Achat du Vantablack par Anish Kapoor : les artistes broient du noir

En achetant les droits exclusifs du Vantablack, un noir très profond, l’artiste britannique a provoqué l’ire de ses pairs.

L'artiste Anish Kappor, lors d'une conférence à Evreux, en septembre 2015.

Anish Kapoor aime les espaces infinis et les trous noirs, les grottes et les gouffres. En toute logique, cet amateur de vertiges perceptifs s’est intéressé au Vantablack, un noir capable d’absorber 99,96 % du spectre visible, mis au point par la société britannique Surrey NanoSystems. En piégeant la lumière, cette matière en nanotubes de carbone gomme tout relief.

Une interview de l’inventeur du Vantablack (reportage de la BBC, durée 4’28’’, en anglais)

Mais quand le plasticien britannique se pique d’acheter les droits exclusifs de ce noir, les artistes, eux, voient rouge. « Je n’ai jamais entendu parler d’un artiste qui monopolise un matériau », fulmine le peintre de la reine Elizabeth II, Christian Furr, dans la presse. D’autres parlent d’absurdité. Kapoor, lui, ne veut rien entendre. « Il n’y a pas de controverse, je n’ai rien à vous dire », nous a-t-il déclaré au téléphone, en raccrochant aussi sec son combiné.

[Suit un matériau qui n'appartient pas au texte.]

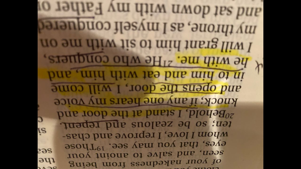 Jesus says, I know your works! Repent! Keep awake and have patient endurance! Open the door and I will come in and EAT with you!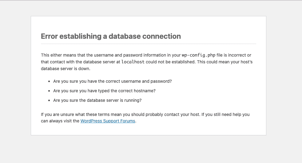 The “Error Establishing a Database Connection” looks terrifying, but it’s usually caused by: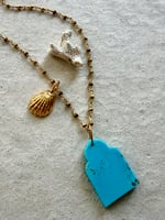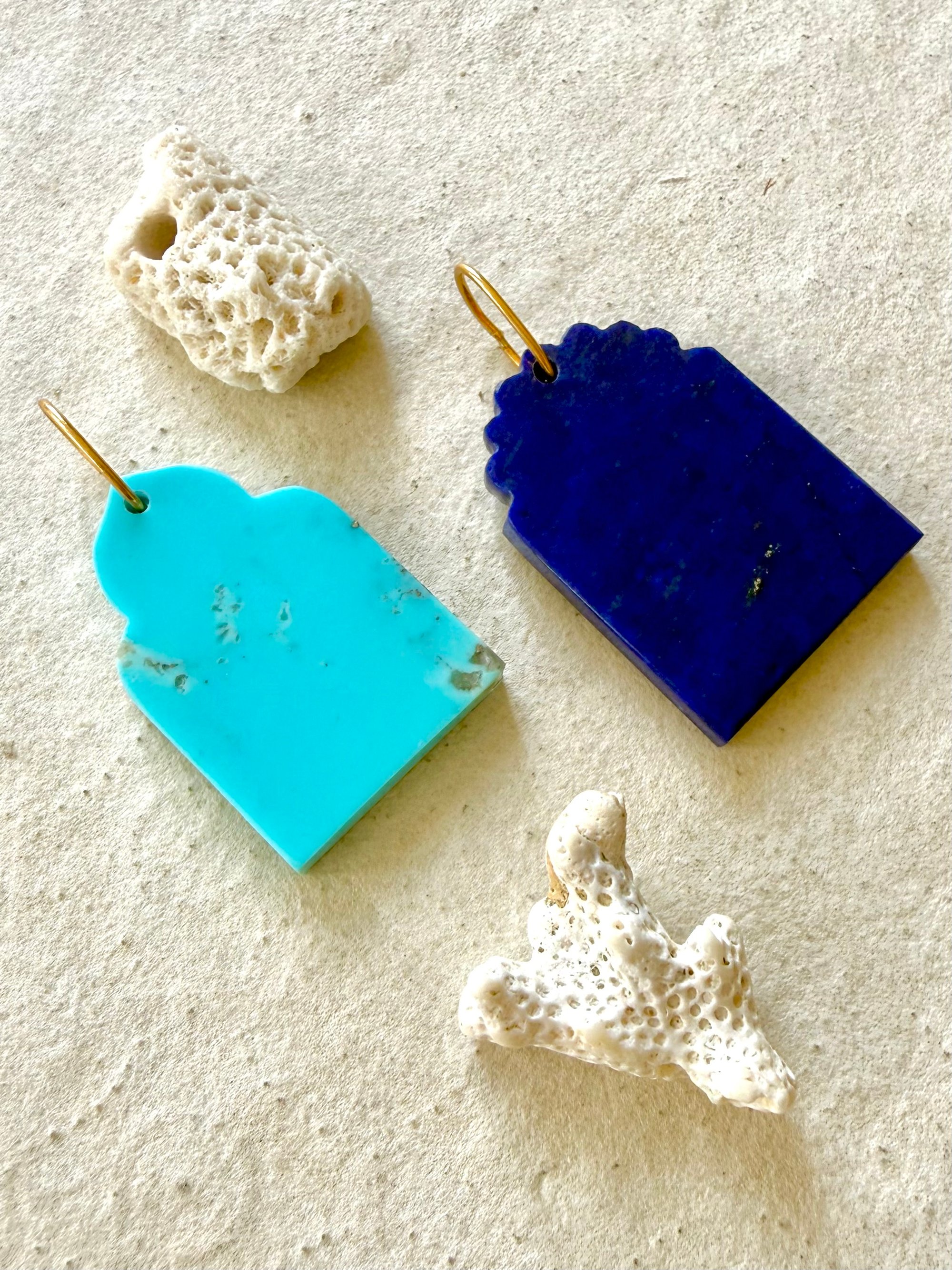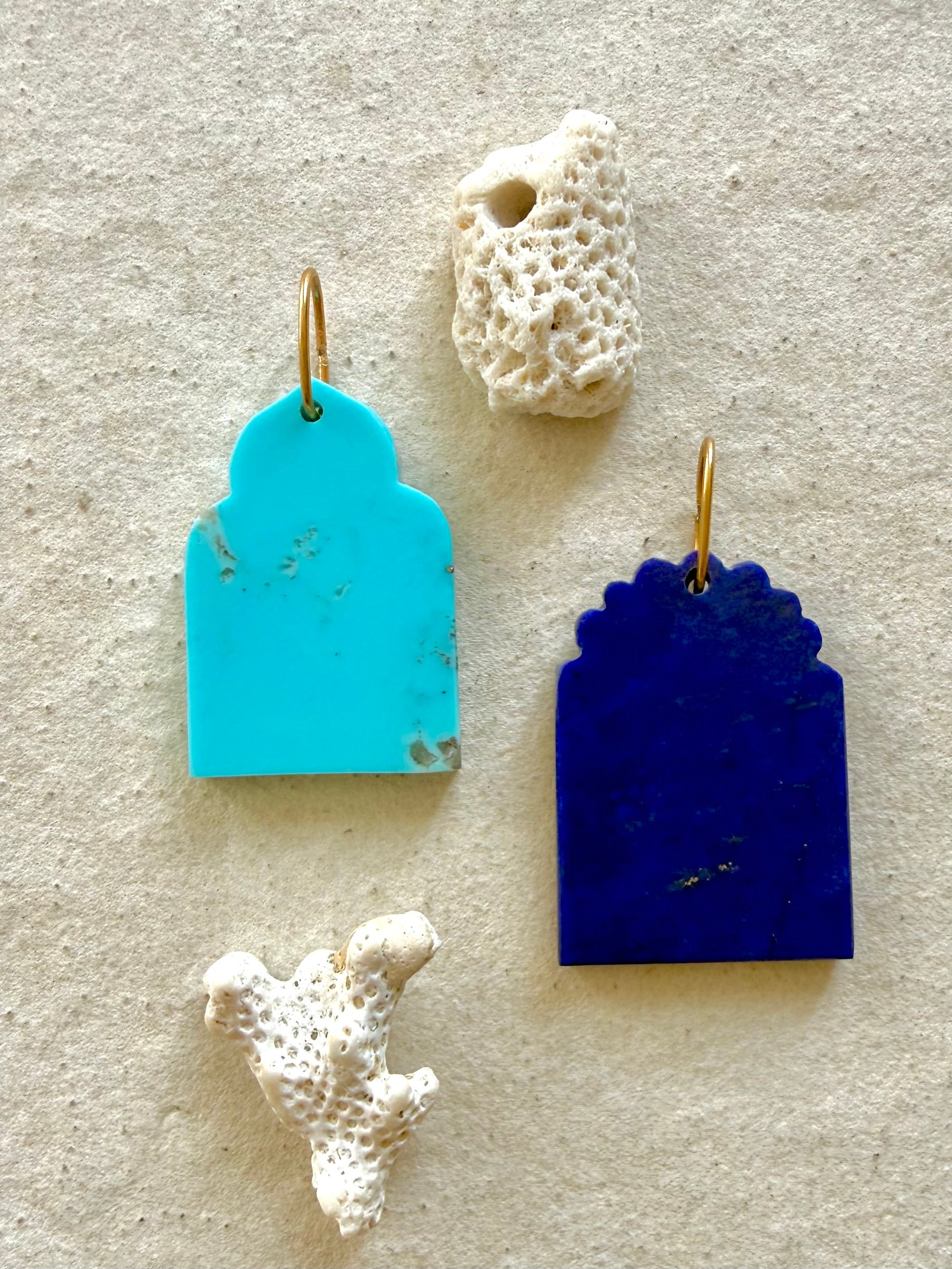 Médaillons temple en turquoise naturelle bleue ou lapis lazuli avec son anneau haut pour les glisser sur vos chaînes !

Un mutisme inédit chez un artiste qui se pose volontiers en bretteur indigné. « C’est un geste cynique d’un artiste du Top 10, estime Dominique Païni, commissaire en 2006 de l’exposition « Le noir est une couleur » à la Fondation Maeght à Saint-Paul-de-Vence. A ce niveau, on croit que le monde vous appartient, alors pourquoi pas une couleur. C’est comme de penser que l’argent pourrait acheter des rayons de soleil californien. Au fond, il y a dans ce geste un désespoir mégalomaniaque. »

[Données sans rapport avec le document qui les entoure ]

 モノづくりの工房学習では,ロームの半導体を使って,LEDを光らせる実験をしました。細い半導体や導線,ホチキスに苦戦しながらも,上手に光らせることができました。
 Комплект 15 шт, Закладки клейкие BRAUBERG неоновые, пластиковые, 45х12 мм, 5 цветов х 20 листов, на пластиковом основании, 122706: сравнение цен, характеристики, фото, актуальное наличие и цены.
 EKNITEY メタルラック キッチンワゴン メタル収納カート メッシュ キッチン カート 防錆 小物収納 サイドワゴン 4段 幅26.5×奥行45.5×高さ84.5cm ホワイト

« Le noir, qu’il soit celui de l’asphalte ou de la nuit noire, appartient à tout le monde. » Benoît Decron, directeur du Musée Soulages, à Rodez

Kapoor pourrait se targuer de quelque antécédent. L’artiste Yves Klein avait certes déposé le brevet pour un bleu outremer qui porte son nom. Mais il n’a pas fait de cette teinte, toujours disponible dans le commerce, un privilège personnel. Quant au noir absolu, beaucoup d’artistes, de Richard Serra à Ad Reinhardt, pourraient s’en revendiquer. « Si le monochrome noir avait un nom propre, ce serait celui d’Ad Reinhardt, poursuit Dominique Païni. Sa persistance à toujours reprendre la même couleur pourrait créer un sentiment de propriété. Mais Reinhardt ne l’a pas confisquée. »

Pas plus que Pierre Soulages, peintre de l’« outrenoir ». « Je pensais que depuis Klein, la question de l’appropriation d’une couleur s’était épuisée, s’étonne Benoît Decron, directeur du Musée Soulages, à Rodez. Le noir, qu’il soit celui de l’asphalte ou de la nuit noire, appartient à tout le monde. » Le Vantablack, lui, n’appartient plus qu’à Kapoor.